Cuando Juan tenía 13 o 14 años —no recuerda— no tenía educación, dinero, ni zapatos; lo que tenía eran dos burros y leña que venderle a los ferrocarrileros. Fue entonces cuando encontró la cueva. Una de tantas en la sierra, una que estaba tapada por un muro de adobe. La curiosidad de Juan fue casi tan filosa como el pico con el que abrió una pequeña ventana por la que entró. “Volteé y para el lado del norte había un nicho con una olla preciosa, luego volteé al sur y había una blanca y otra amarilla. Piezas modeladas como si las hubieran hecho en torno”. Pertenecían a la región cultural de los mogollones (lo que es ahora Chihuahua, Sonora, Nuevo México y Texas), más específicamente de la ciudad de Paquimé, ubicada a 30 kilómetros de Mata Ortiz. Hoy, con 79 años, uniformado con pantalón y camisa de mezclilla, botas negras, cinturón y sombrero blancos, cejas pobladas y negras, patillas canosas, manos llenas de callos y un tatuaje deformado en el antebrazo izquierdo, Juan sonríe con una dentadura perfecta al hablar de ese día.

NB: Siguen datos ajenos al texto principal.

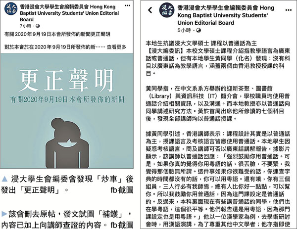 每年均有不少內地生來港修讀碩士課程,屬攬炒派的浸大學生會編委會近日借題發揮,批評中文系課程以普通話授課,更在所謂「報道」中引述學生片面之辭,「老屈」大學教師認為說粵語「很丟臉」,試圖挑起反中、仇中的情緒。編委會向教師求證後,卻發現「炒車」,歪曲了對方原意,只能刪帖及發更正聲明了事,結果惹來一眾網民狠批報道「粗疏」,甚至牽涉誹謗罪名。■香港文匯報記者 余韻

No sabía diferenciar el barro de la tierra, no sabía cocerlo, pulirlo, pintarlo y mucho menos darle forma. Después de años de pruebas para igualar la técnica, Juan logró la mezcla perfecta y más que hacer una copia exacta, adoptó el estilo de Paquimé y lo evolucionó con su propio giro. Un día le dio tres de sus piezas a tres comerciantes de Casas Grandes (la ciudad más cercana) con la esperanza de que ellos las pudieran vender en Estados Unidos. “Regresó el primero con la oferta de comprar todas las que hiciera en cinco dólares cada una. ¡Parecía que se me habían alzado los pies de la tierra de lo contento!, cinco dólares era lo que me pagaban por una jornada en el campo cuando me fui de mojado; aquí eran 15 en un día”. Adiós a los burros, adiós a la crisis; la carrera de un artista que ahora vende piezas a 20 000 dólares comenzaría.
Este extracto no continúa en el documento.